▸ What is needed: Restate each line of the listing exactly, without carrying over any pictures.

▸ Information given:
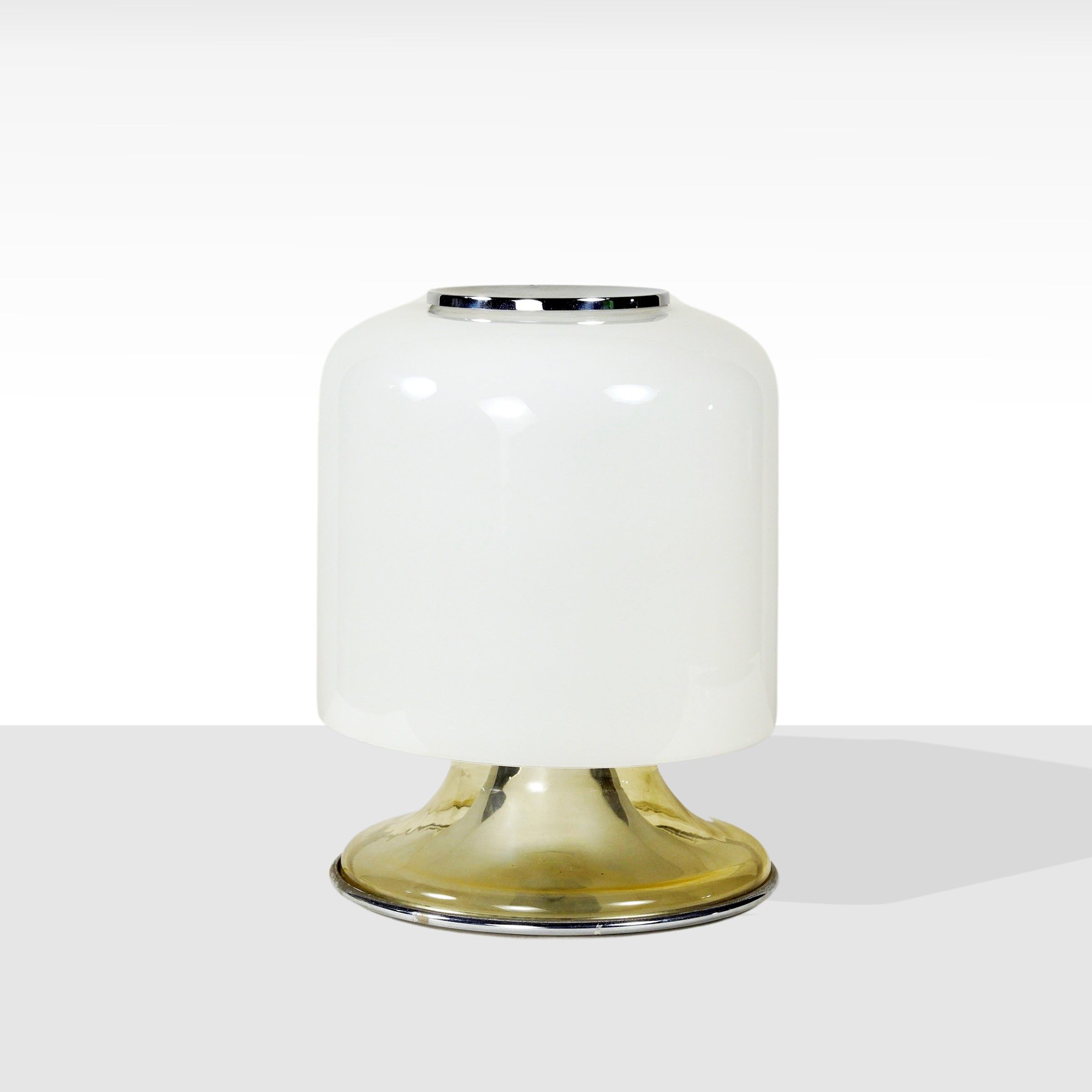 anni 70 lampada da tavolo in metallo cromato e vetro opalino, lievi usure
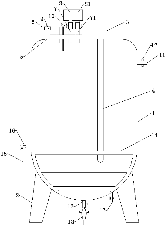 本实用新型涉及一种蜂蜜脱气及灌装装置,包括罐体和支撑脚,罐体顶部设置有震动机,罐体内设置有震动棒,震动棒上端与震动机连接,罐体上端还设置有密封盖,密封盖上设置有进料管,密封盖上设置有抽气管和进气管,抽气管上设置有抽气机,抽气管上设置有灌气泵,密封盖上中部设置有气压表,气压表一端设置在罐体内,罐体上端一侧设置有排水管。本实用新型的有益效果是:通过循环热水器和热水管的设置将水循环加热后灌入热水管内,通过热传递的作用使蜂蜜慢慢融化,取用蜂蜜方便,简单;通过灌气泵和灌装头的设置气压的作用将蜂蜜由出料管压出,能够加快灌装速度,且灌装效果好。
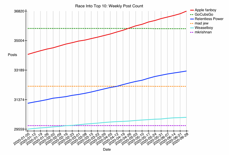 The middle change shows @Relentless Power surpassing @mad jew. The Jan 2020 projection for this event was made in Table 5, and was predicted to happen on 2020-Apr-03. It actually occurred a few weeks later, in the week of 2020-04-12. Checking the actual counts of 2020-04-12, Relentless Power had 32189 posts, and mad jew had 32199.
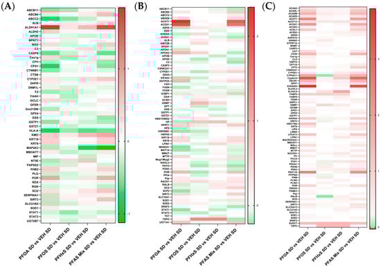 Proteins modulated in pathways related to liver damage. Proteins involved in (A) liver damage, (B) inflammation of liver, and (C) hepatic steatosis disease and biological function pathways were identified through IPA analyses. The heat maps were created by Log2 transforming the standard diet treatment comparison fold changes of PND21 pup livers. The treatment comparisons consist of PFOA SD vs. VEH SD, PFOS SD vs. VEH SD, PFHxS SD vs. VEH SD, and PFAS Mix SD vs. VEH SD.
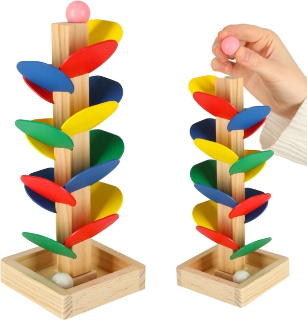 Objevte dřevěný kuličkový strom MONTESSORI – hravou pomůcku, která děti vede k objevování barev, zvuků a fyziky. Spusťte kuličku z vrcholu a sledujte, jak po barevných listech klouže dolů, přičemž rozvíjí jemnou motoriku a koordinaci oko–ruka. Vyrobeno z přírodního dřeva, kompaktní výška 21 cm a skvělý dárek pro zvídavé děti.

▸ Exercise response:
 anni 70 lampada da tavolo in metallo cromato e vetro opalino, lievi usure
 本实用新型涉及一种蜂蜜脱气及灌装装置,包括罐体和支撑脚,罐体顶部设置有震动机,罐体内设置有震动棒,震动棒上端与震动机连接,罐体上端还设置有密封盖,密封盖上设置有进料管,密封盖上设置有抽气管和进气管,抽气管上设置有抽气机,抽气管上设置有灌气泵,密封盖上中部设置有气压表,气压表一端设置在罐体内,罐体上端一侧设置有排水管。本实用新型的有益效果是:通过循环热水器和热水管的设置将水循环加热后灌入热水管内,通过热传递的作用使蜂蜜慢慢融化,取用蜂蜜方便,简单;通过灌气泵和灌装头的设置气压的作用将蜂蜜由出料管压出,能够加快灌装速度,且灌装效果好。
 The middle change shows @Relentless Power surpassing @mad jew. The Jan 2020 projection for this event was made in Table 5, and was predicted to happen on 2020-Apr-03. It actually occurred a few weeks later, in the week of 2020-04-12. Checking the actual counts of 2020-04-12, Relentless Power had 32189 posts, and mad jew had 32199.
 Proteins modulated in pathways related to liver damage. Proteins involved in (A) liver damage, (B) inflammation of liver, and (C) hepatic steatosis disease and biological function pathways were identified through IPA analyses. The heat maps were created by Log2 transforming the standard diet treatment comparison fold changes of PND21 pup livers. The treatment comparisons consist of PFOA SD vs. VEH SD, PFOS SD vs. VEH SD, PFHxS SD vs. VEH SD, and PFAS Mix SD vs. VEH SD.
 Objevte dřevěný kuličkový strom MONTESSORI – hravou pomůcku, která děti vede k objevování barev, zvuků a fyziky. Spusťte kuličku z vrcholu a sledujte, jak po barevných listech klouže dolů, přičemž rozvíjí jemnou motoriku a koordinaci oko–ruka. Vyrobeno z přírodního dřeva, kompaktní výška 21 cm a skvělý dárek pro zvídavé děti.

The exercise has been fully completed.